Jon Woodward reports for CTVBC, 5 Oct 2011 (with two videos; 3 min news and 4:46 interview with Tania Fiolleau (sigh)):

 

http://www.ctvbc.ctv.ca/servlet/an/local/CTVNews/20111005/bc_vancouver_massage_parlours_111005/20111005?hub=BritishColumbiaHome

 

Federal law trumps Vancouver's sex trade strategy: expert

 

Vancouver's plan to make massage parlours safer for the people stuck in the sex trade could make some progress but ultimately will be handcuffed by Canada's criminal laws, according to a criminologist.

 

John Lowman says the city's heart is in the right place with a strategy to increase inspections of massage parlours, and change those business's licenses to better reflect what really happens inside.

 

But unless the city can offer some kind of amnesty for the criminal activities it's likely to find in those massage parlours, more women could be put in danger when the businesses are prosecuted criminally, he said.

 

"The municipalities' hands are tied by the current legal system.
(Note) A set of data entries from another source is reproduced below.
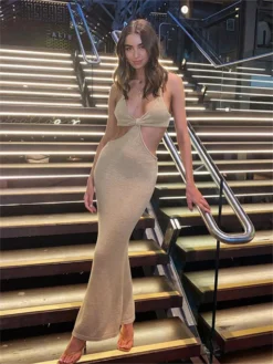 Women Summer Long Dress Sleeveless V Neck Hollow Out Bodycon Dress Bohemian Sexy Club Beach Dresses Y2K Aesthetic Clothes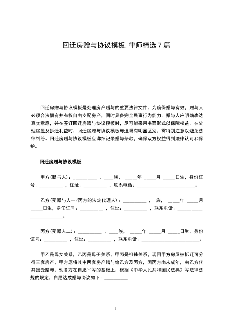 回迁房赠与协议书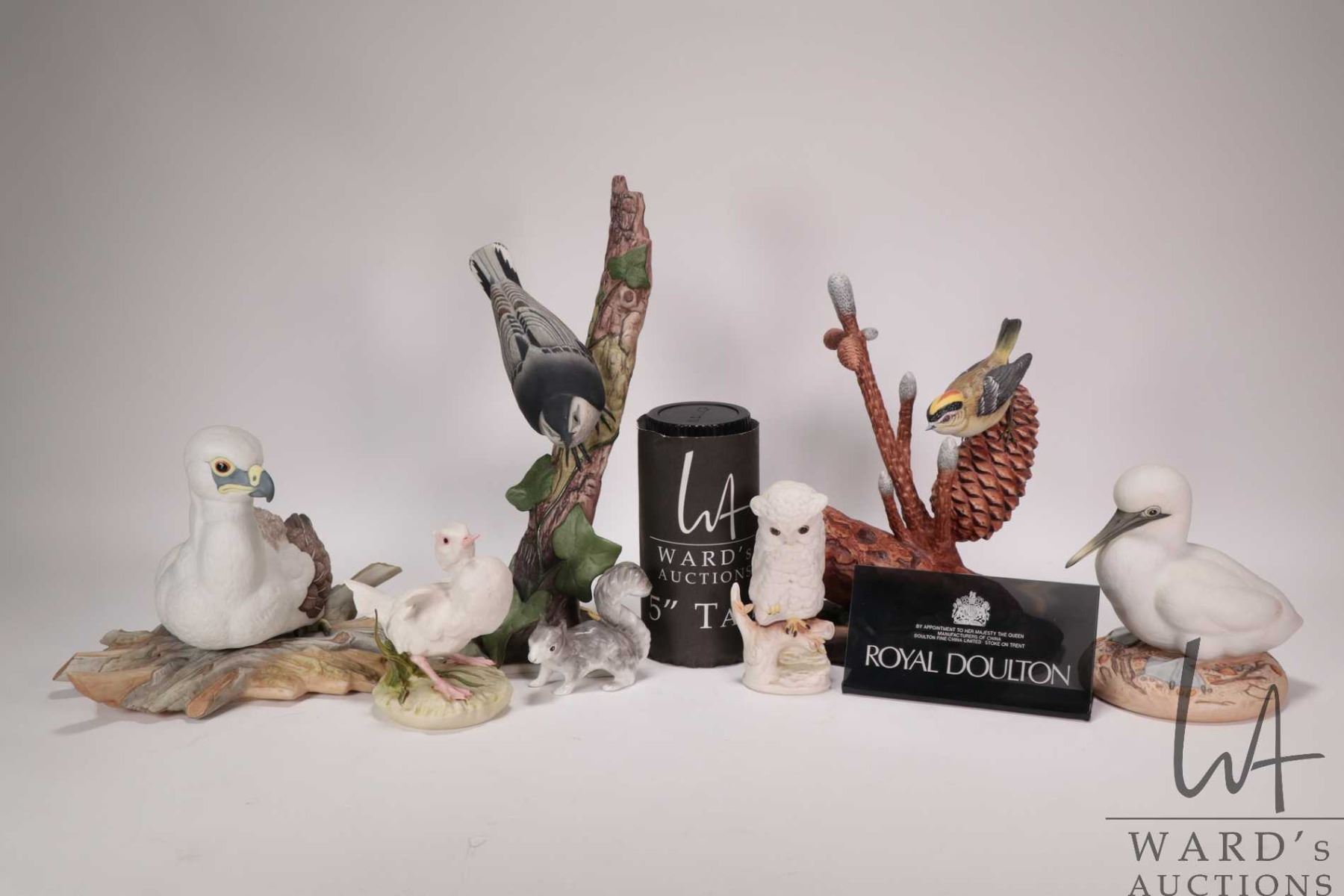 Tray lot of collectible porcelain birds including Royal Doulton "Golden-Crowned Kinglet", Boehm "Nuthatch", Kazman "Blue Footed Booby", #359"Kazman "Baby Golden Eagle #36" plus Cybis porcelain owl and small bird and a Boehm gray squirrel NOTE: SHIPPING IS NOT AVAILABLE, LOCAL PICK UP ONLY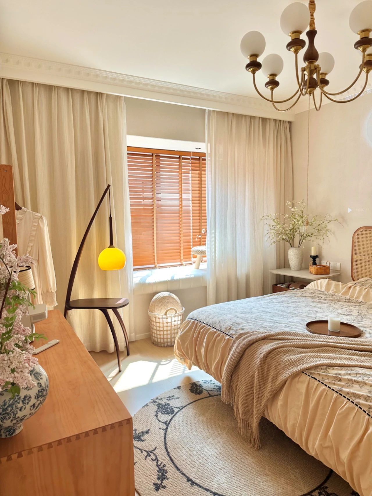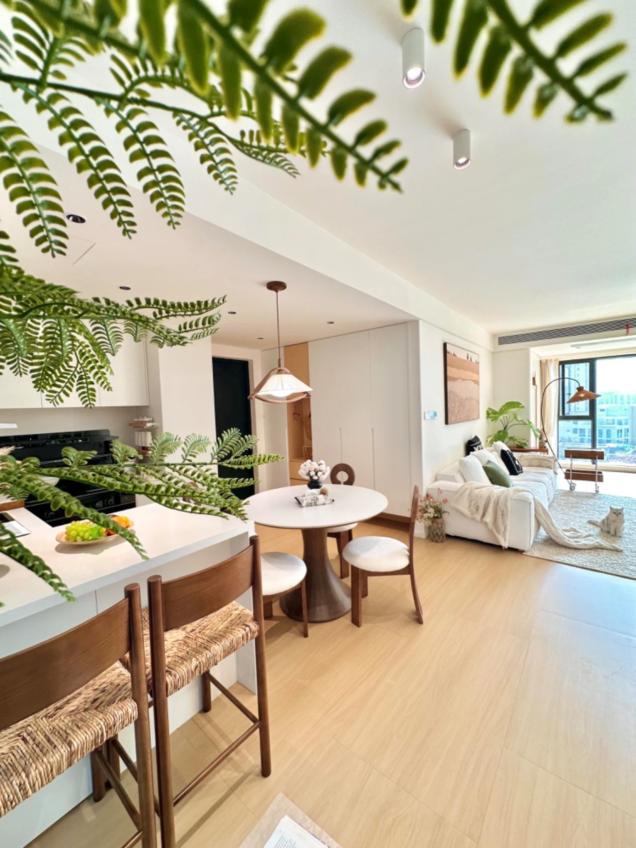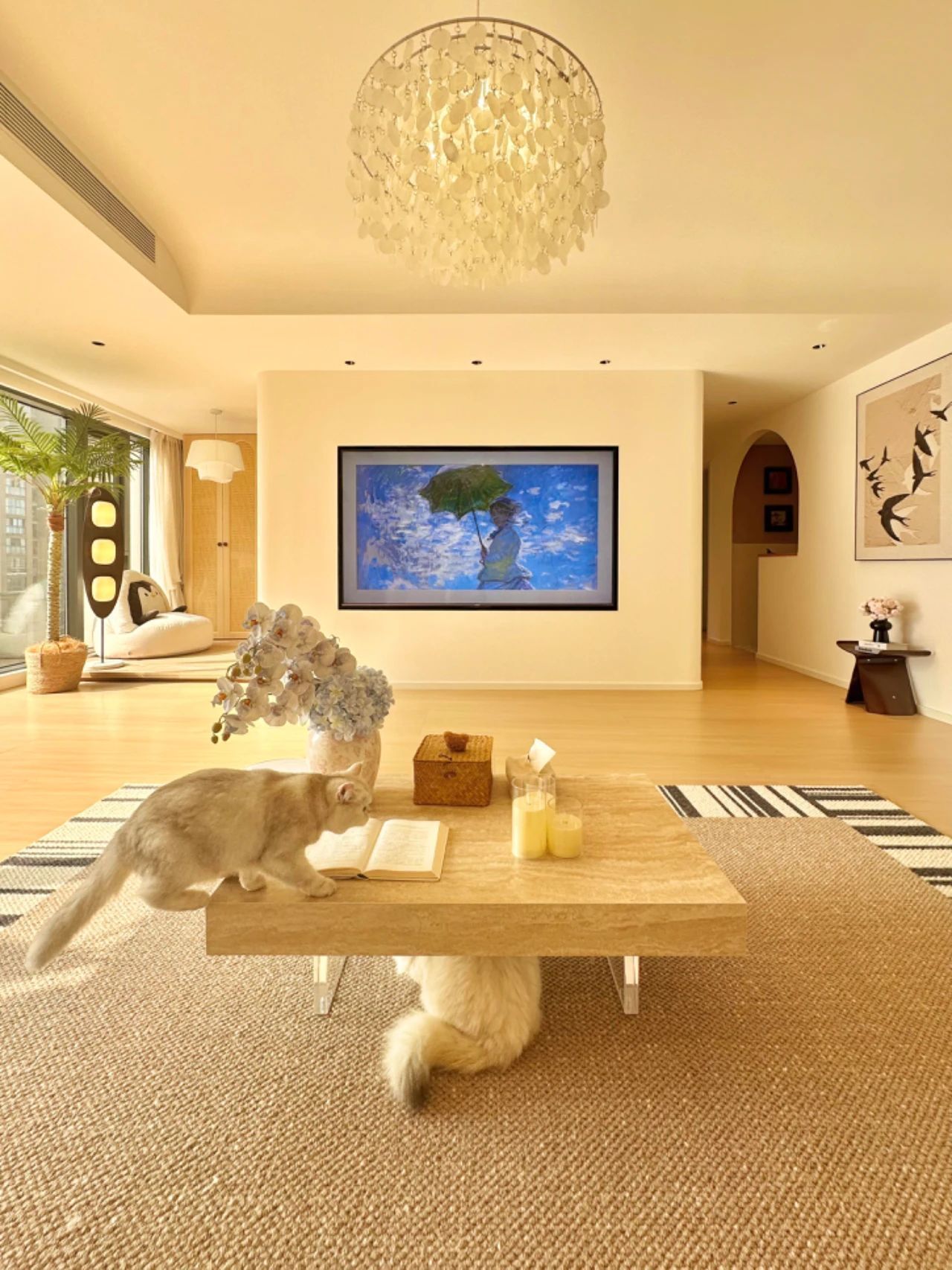 软装偏爱实木与岩板,像床、餐边柜等,再用跳色抱枕、装饰画点缀,软装电器共 14 万。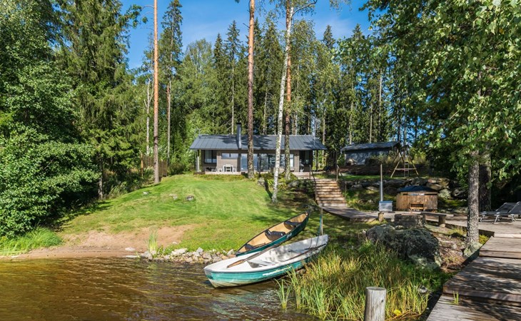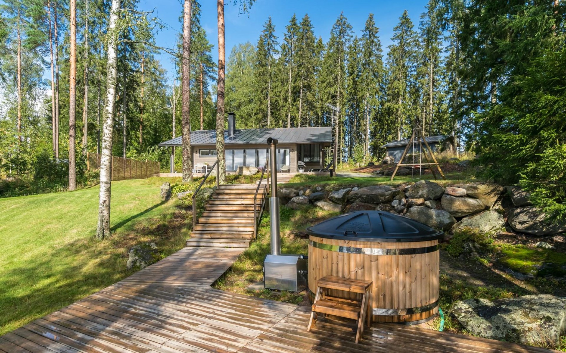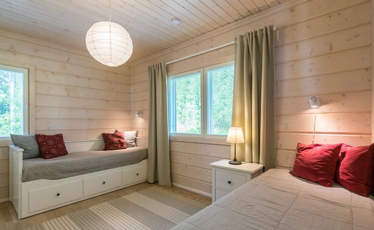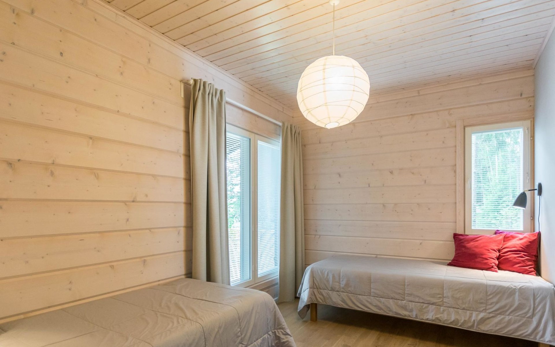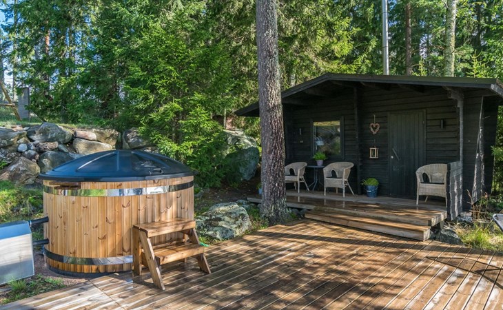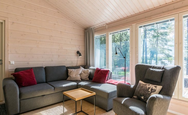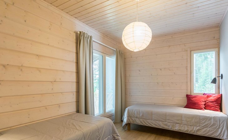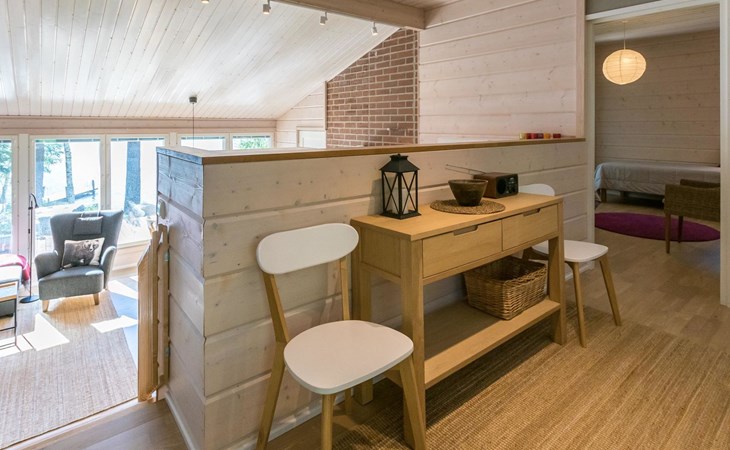 Wooden villa 2016, large kitchen-living room (sofa bed), bedroom 2 beds, bedroom 2 beds, bedroom with one bed and sofa bed. Washroom (2 showers), sauna with views of the lake (wood stove), separate toilet. Extensive partly covered terrace spaces.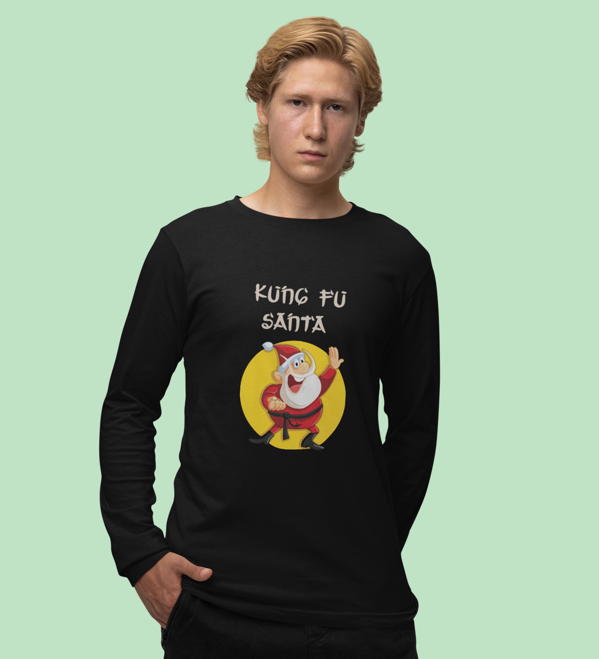 Kung Fu Santa: PerfectFull Sleeve T-shirt For Secret SantaBlack Best Gift For Boys Girls

They're stuck," he said.

 

Last week Vancouver's city council voted to create a task force to examine how to tackle concerns that some of the roughly 2,000 sex workers in Vancouver were being trafficked or abused in massage parlours.

 

City councillor Kerry Jang told CTV News that he wanted to see educational programs to help some women realize they're being abused or trafficked, and help them out of the trade.

 

But he also wanted more inspections and greater co-operation between municipal inspectors and the police.

 

"We're trying to make sure that sex workers aren't being taken advantage of or being abused," he said.

 

But that doesn't mean a lighter hand from law enforcement, he said.

 

"It's business as usual for the police. If there is criminal activity they will investigate it," he said.

 

That puts the city in a no-win situation, said Lowman.

 

"The plan to acknowledge what is happening is a double-edged sword." Lowman said. "On the one hand, monitoring increases safety.

 

"On the other...all you've got to do is have a change of mentality in a police regime and use all that information, instead of making women safe, you just prosecute those locations," he said. "What's the guarantee that won't happen?

 

That makes it in the brothel's interest to hide from law enforcement and find another way around a licensing scheme, such as fake certifications, he said. If it's successfully shut down, the women may be put on the street, he said.

 

Jang acknowledged that any attempt to shut down a brothel using licensing rules could land more women in trouble.

 

"If it's not done properly, they might force the place underground. In which case the abuse can happen with impunity because we can't find them," he said.

 

Jang said he recognized the limitations of what the city can do, but he said it was still important to raise awareness of the vulnerability of women in the sex trade and do something to protect them.

 

"This is the first step that outlines broad strategies," he said. "We need to prevent businesses from becoming fronts for prostitution, and help these women out.